● **Exercise materials**
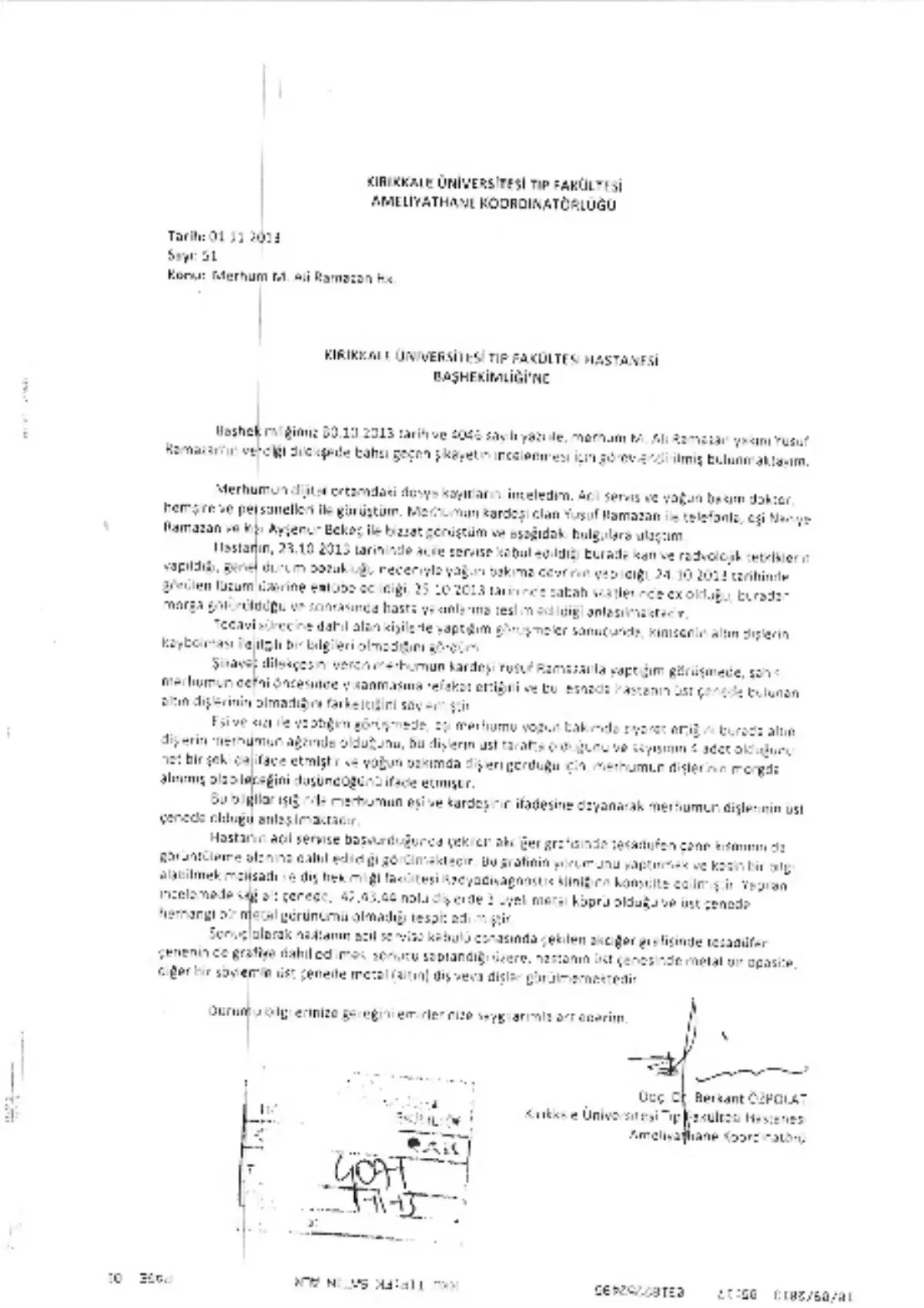 Kırıkkale Üniversitesi Tıp Fakültesi Hastanesi Ameliyathane Koordinatörü Doç. Dr. Berkant Özpolat tarafından yapılan açıklamada şöyle denildi: "Hastanın acil servise başvurduğunda çekilen akciğer grafisinde tesadüfen çene kısmında görüntülendiği görülmektedir. Bu grafinin yorumunu yaptırmak ve kesin bilgi alabilmek maksadı ile diş hekimliği fakültesi radyodiyagnostik kliniğine konsüle edilmiştir. Yapılan incelemede sağ alt çenede, 42, 43 ve 44 nolu dişlerde 3 üyeli metal köprü olduğu ve üst çenede herhangi bir metal görünümü olmadığı tespit edilmiştir. Dolayısıyla hastanın üst çenesinde metal bir opasite diğer bir söylemle üst çenede metal (altın) diş veya dişler görülmemektedir" - KIRIKKALE
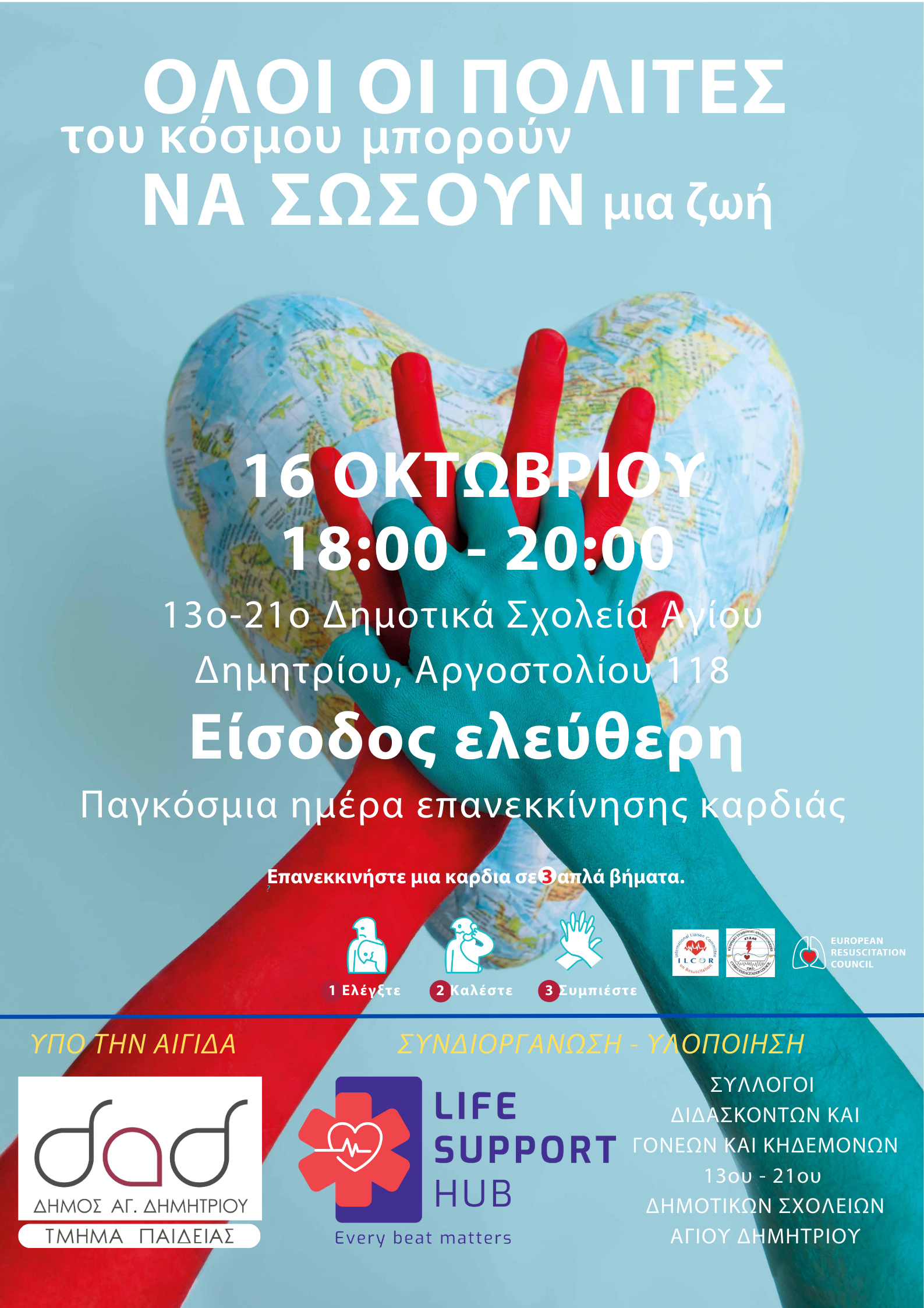 Με αφορμή τον εορτασμό της Παγκόσμιας Ημέρας Επανεκκίνησης της Καρδιάς θα πραγματοποιηθεί ανοιχτή εκδήλωση στο 13ο και 21ο Δημοτικό σχολείο Αγίου Δημητρίου στις 16 Οκτωβρίου από τις 18:00 -20:00 (Αργοστολίου 118).
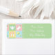Four squares in soft pastels of pink, green, blue, and yellow are framed by a white design like stitch marks and decorated with cute, baby-themed icons of a bottle, diaper, rattle, and bib. Customize the overlay panel on the right with your address to make a cute label to attach to your baby shower invitations. These also make great gift labels! Just replace the address details with "To:" and "From:" to make a perfect way to mark any present for a new baby. Be sure to check out the full Baby's Quilt collection for more great gifts and products for a baby shower or the little one in your life.
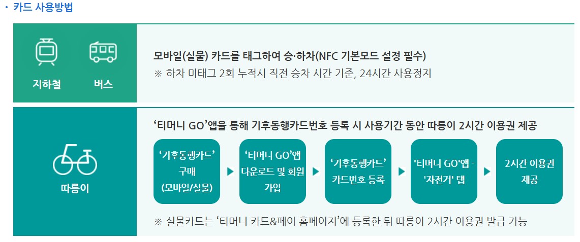 - 기후동행카드: '서울교통공사 앱' 또는 '우리 카드'에서 신청
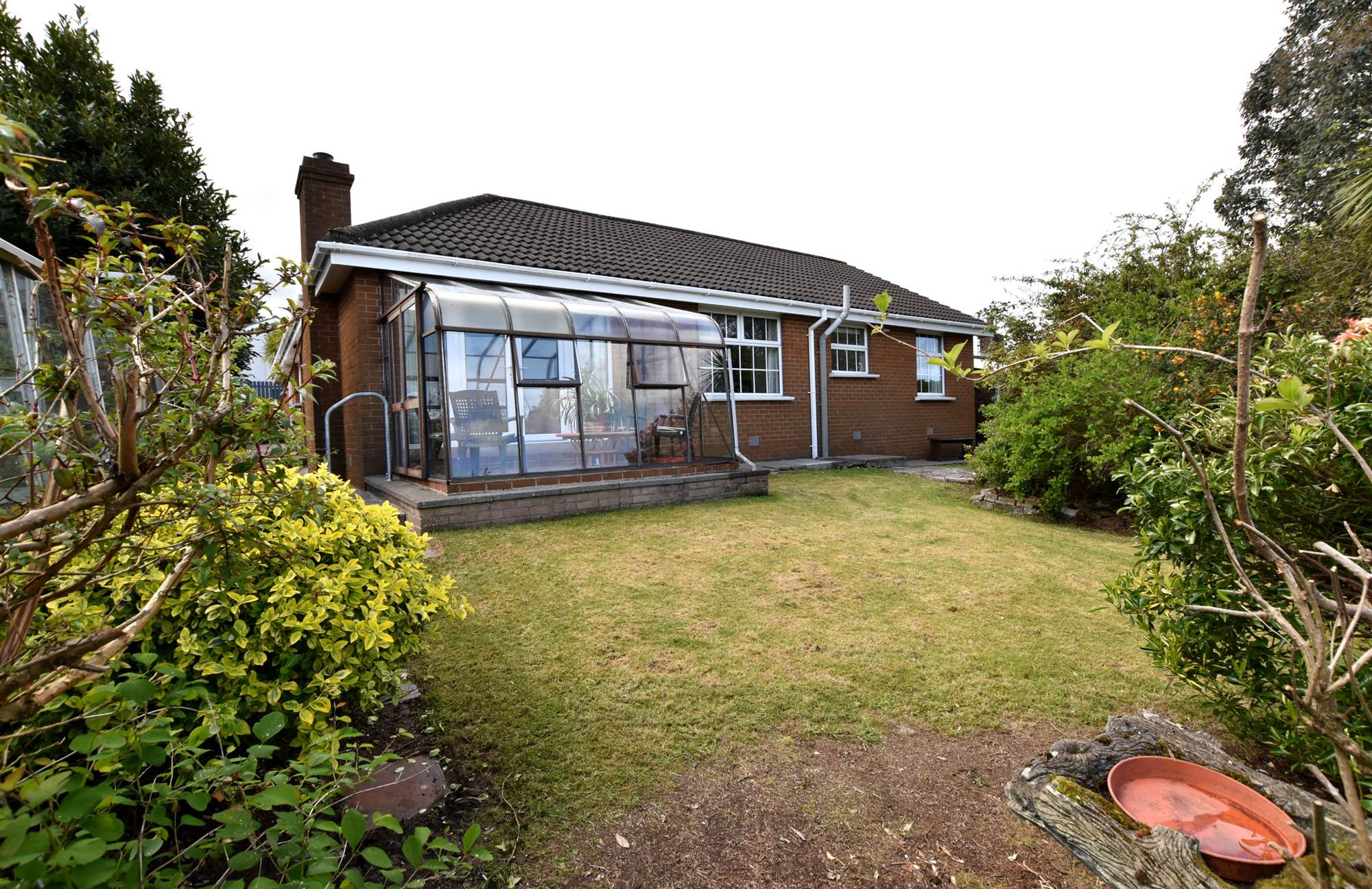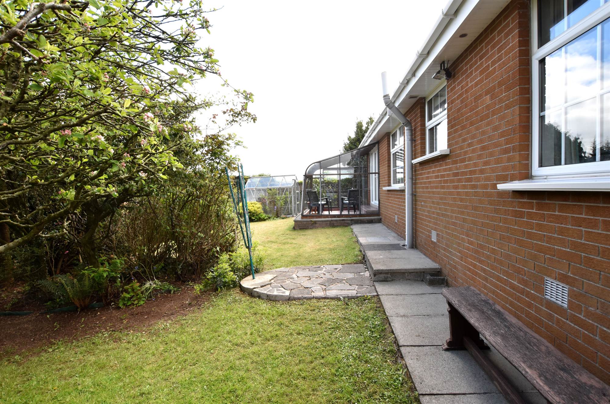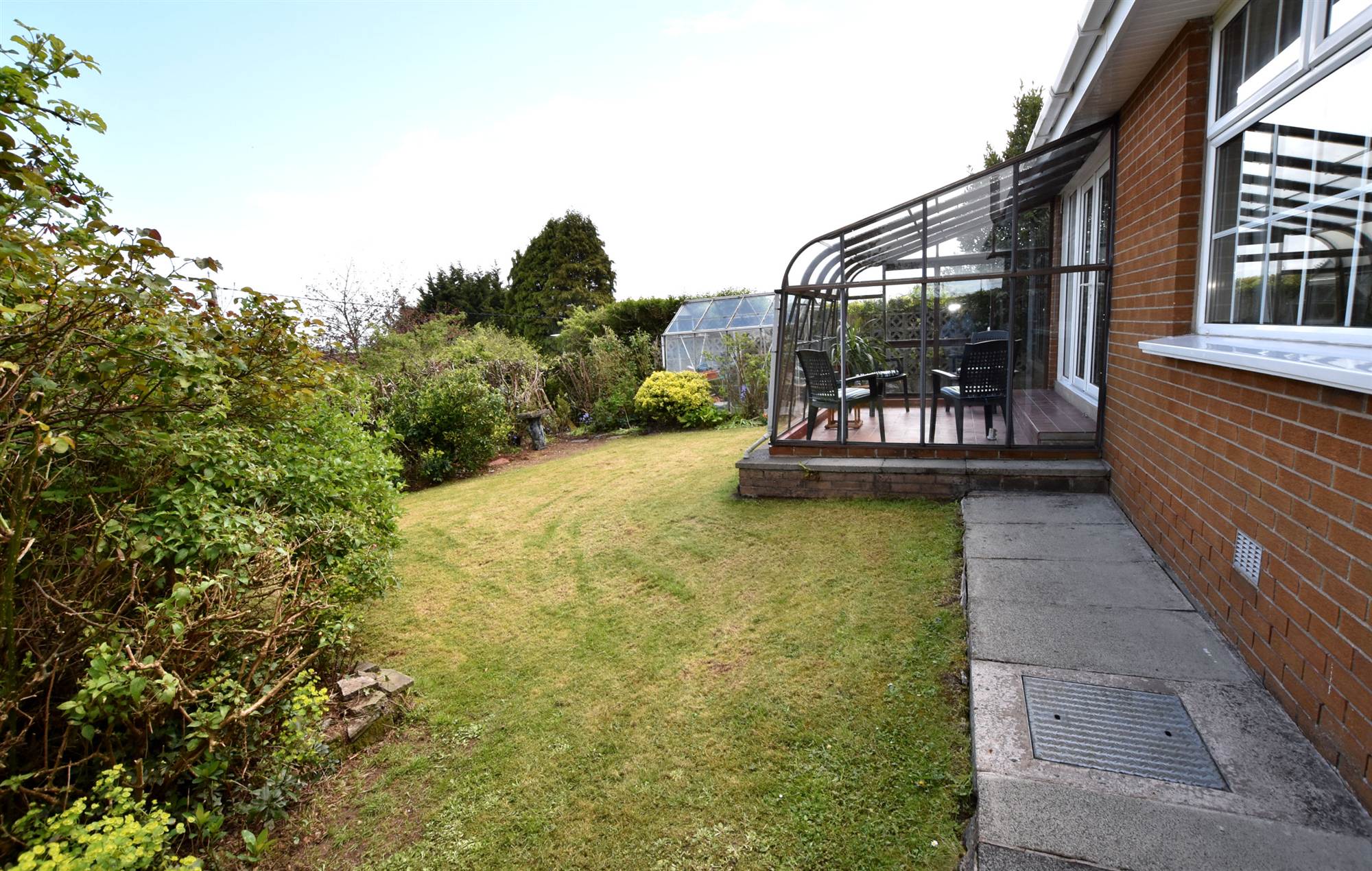 To side and rear in lawns, trees, bushes and paved patio area.

● **Problem to work on**
Please transcribe each entry exactly, but skip any picture it holds.

● **Task output**
 Kırıkkale Üniversitesi Tıp Fakültesi Hastanesi Ameliyathane Koordinatörü Doç. Dr. Berkant Özpolat tarafından yapılan açıklamada şöyle denildi: "Hastanın acil servise başvurduğunda çekilen akciğer grafisinde tesadüfen çene kısmında görüntülendiği görülmektedir. Bu grafinin yorumunu yaptırmak ve kesin bilgi alabilmek maksadı ile diş hekimliği fakültesi radyodiyagnostik kliniğine konsüle edilmiştir. Yapılan incelemede sağ alt çenede, 42, 43 ve 44 nolu dişlerde 3 üyeli metal köprü olduğu ve üst çenede herhangi bir metal görünümü olmadığı tespit edilmiştir. Dolayısıyla hastanın üst çenesinde metal bir opasite diğer bir söylemle üst çenede metal (altın) diş veya dişler görülmemektedir" - KIRIKKALE
 Με αφορμή τον εορτασμό της Παγκόσμιας Ημέρας Επανεκκίνησης της Καρδιάς θα πραγματοποιηθεί ανοιχτή εκδήλωση στο 13ο και 21ο Δημοτικό σχολείο Αγίου Δημητρίου στις 16 Οκτωβρίου από τις 18:00 -20:00 (Αργοστολίου 118).
Four squares in soft pastels of pink, green, blue, and yellow are framed by a white design like stitch marks and decorated with cute, baby-themed icons of a bottle, diaper, rattle, and bib. Customize the overlay panel on the right with your address to make a cute label to attach to your baby shower invitations. These also make great gift labels! Just replace the address details with "To:" and "From:" to make a perfect way to mark any present for a new baby. Be sure to check out the full Baby's Quilt collection for more great gifts and products for a baby shower or the little one in your life.
 - 기후동행카드: '서울교통공사 앱' 또는 '우리 카드'에서 신청
 To side and rear in lawns, trees, bushes and paved patio area.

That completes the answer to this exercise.